Aim of the task:
Give back the lines below verbatim, omitting all pictures.

Dataset extract:
= = = =
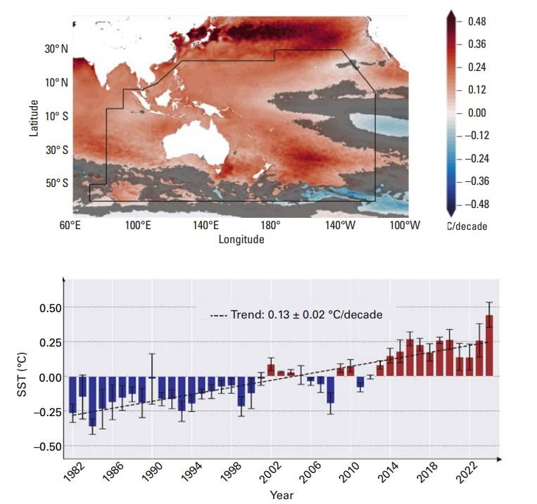 وفي عام 2024، سجَّل المحتوى الحراري للمحيطات في جنوب غرب المحيط الهادئ ثاني أعلى مستوى له بالتساوي مع عامي 2021 و2023 بعد الرقم القياسي المُسجَّل في عام 2022. والمناطق التي شهدت أعلى ارتفاع في درجة حرارة المحيطات على مدى العقود الخمسة الماضية هي بحر تاسمان وبحر سليمان ومعظم المناطق المحيطة بالدول الجزرية الصغيرة في المحيط الهادئ.
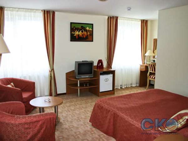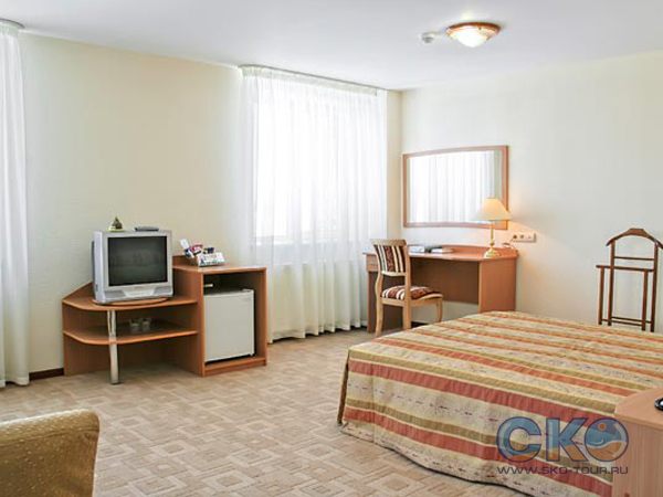 Просторный однокомнатный номер (28м кв.) с двумя раздельными кроватями. В номере: ванна/душевая кабина, холодильник (минибар), спутниковое телевидение (14 каналов), международная и междугородняя связь, беспроводной доступ в Интернет. - Стандарт плюс
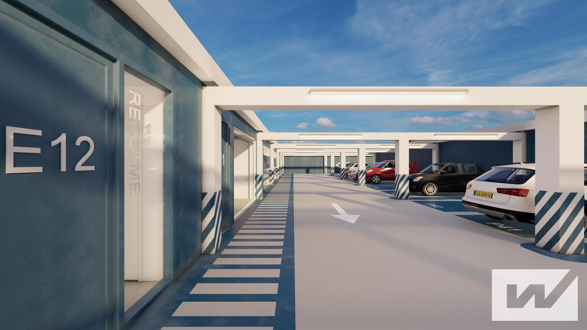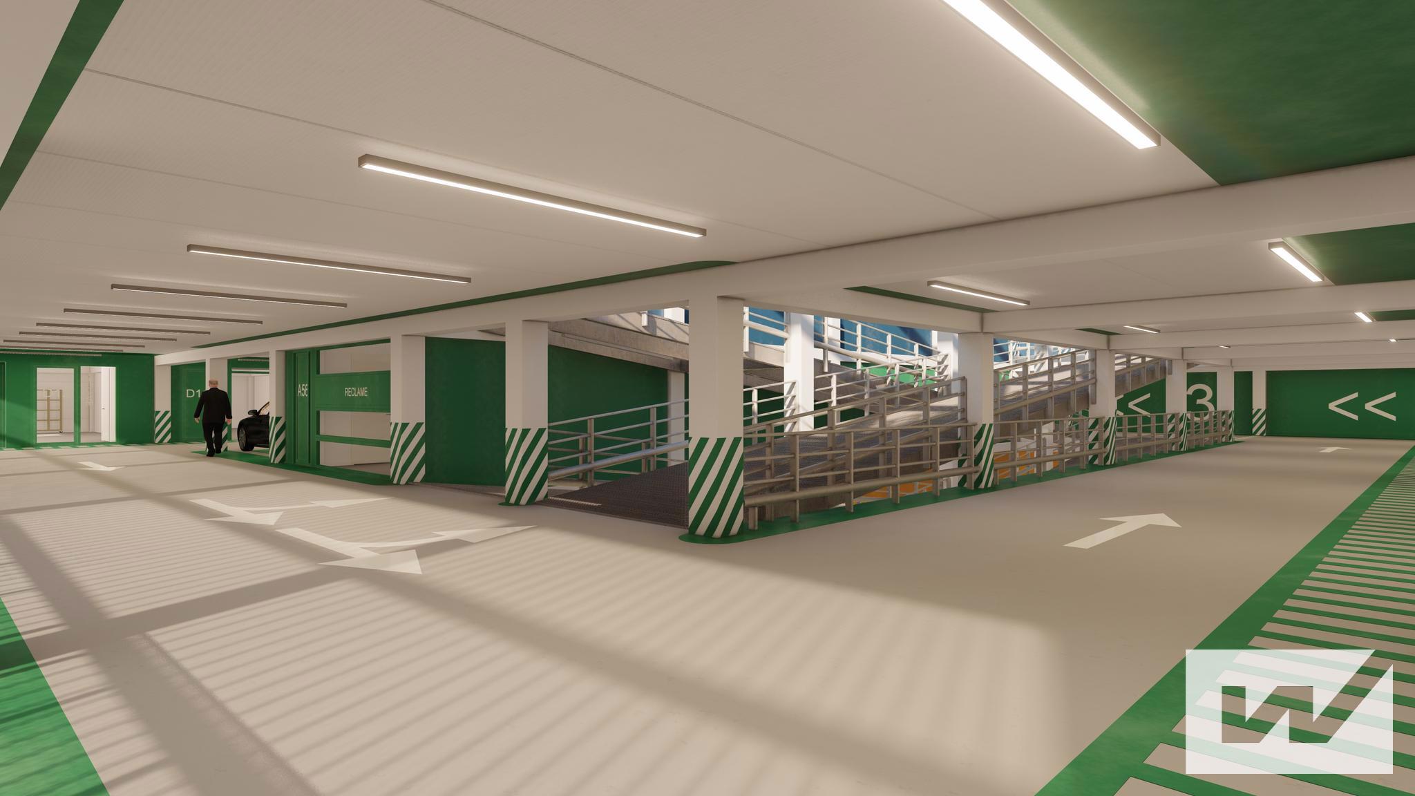 Alle verdiepingen zijn bereikbaar met auto of busje via een overdekte hellingbaan (3,1 meter breed)
= = = =
Output for this task:
 وفي عام 2024، سجَّل المحتوى الحراري للمحيطات في جنوب غرب المحيط الهادئ ثاني أعلى مستوى له بالتساوي مع عامي 2021 و2023 بعد الرقم القياسي المُسجَّل في عام 2022. والمناطق التي شهدت أعلى ارتفاع في درجة حرارة المحيطات على مدى العقود الخمسة الماضية هي بحر تاسمان وبحر سليمان ومعظم المناطق المحيطة بالدول الجزرية الصغيرة في المحيط الهادئ.
 Просторный однокомнатный номер (28м кв.) с двумя раздельными кроватями. В номере: ванна/душевая кабина, холодильник (минибар), спутниковое телевидение (14 каналов), международная и междугородняя связь, беспроводной доступ в Интернет. - Стандарт плюс
 Alle verdiepingen zijn bereikbaar met auto of busje via een overdekte hellingbaan (3,1 meter breed)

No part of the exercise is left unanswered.